We sped past two blocks before anyone spoke. The car was so thickly insulated the city outside barely existed—just a fantasy, a movie projected onto the windows.
The driver discreetly asked a question and Darrell told him, “Just drive around.”
He sat sideways on the cream leather so he could look at me. I knew I looked a complete mess, but just having him close was already calming me. My worst fears were being pushed back. He didn’t know. Of course he didn’t know. He couldn’t know, or he wouldn’t still want me in his life. There was still hope.
Except...now he must think I was a complete psycho, just like that guy had said.

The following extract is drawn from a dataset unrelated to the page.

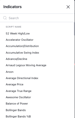 4. Select the indicator from the dropdown list. It will automatically be added to your chart.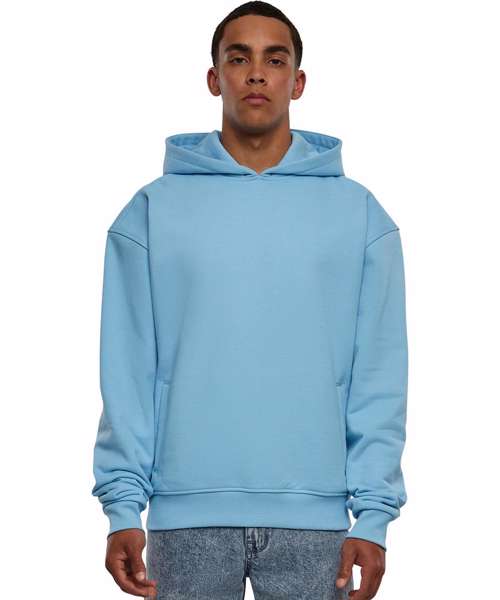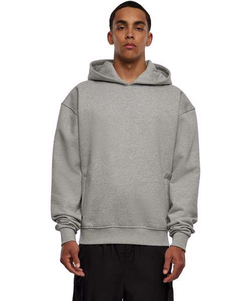 The men's hoodie features a large hood and wide rib cuffs on the sleeves and hem. The integrated kangaroo pockets add a practical touch. A casual urban fit with dropped shoulders creates a masculine silhouette. The men's hoody is made of smooth and heavy brushed fleece, which can be further refined using flex or screen printing.

“I’m really sorry,” he told me.
I didn’t know what to say.
“Please, Natasha. Talk to me.”
You mean explain why you completely freaked out, just because I was late.
“Where were you?” I said at last. I didn’t mean it as an accusation, but immediately I could see the guilt on his face. I’m good at recognizing guilt, because I’m so good at hiding it. “What?” He closed his eyes. “What? What happened?”
He still had his eyes closed. I could tell he was fighting with himself, wanting to tell me the truth despite what the consequences would be. “I...forgot.”
“You...forgot?”
I’d run through all sorts of scenarios while I’d been sitting in the bar. A flat tire. An accident on the highway. A dying grandmother. He forgot? I was that unimportant to him?
He opened his eyes and looked straight at me, his hands in the air, trying to tame the outburst he could see was coming. “I get...kind of...into my work, sometimes. Sort of obsessed. I forgot the time.”
I couldn’t believe what I was hearing. I was less important than his work? “But...your phone was off.”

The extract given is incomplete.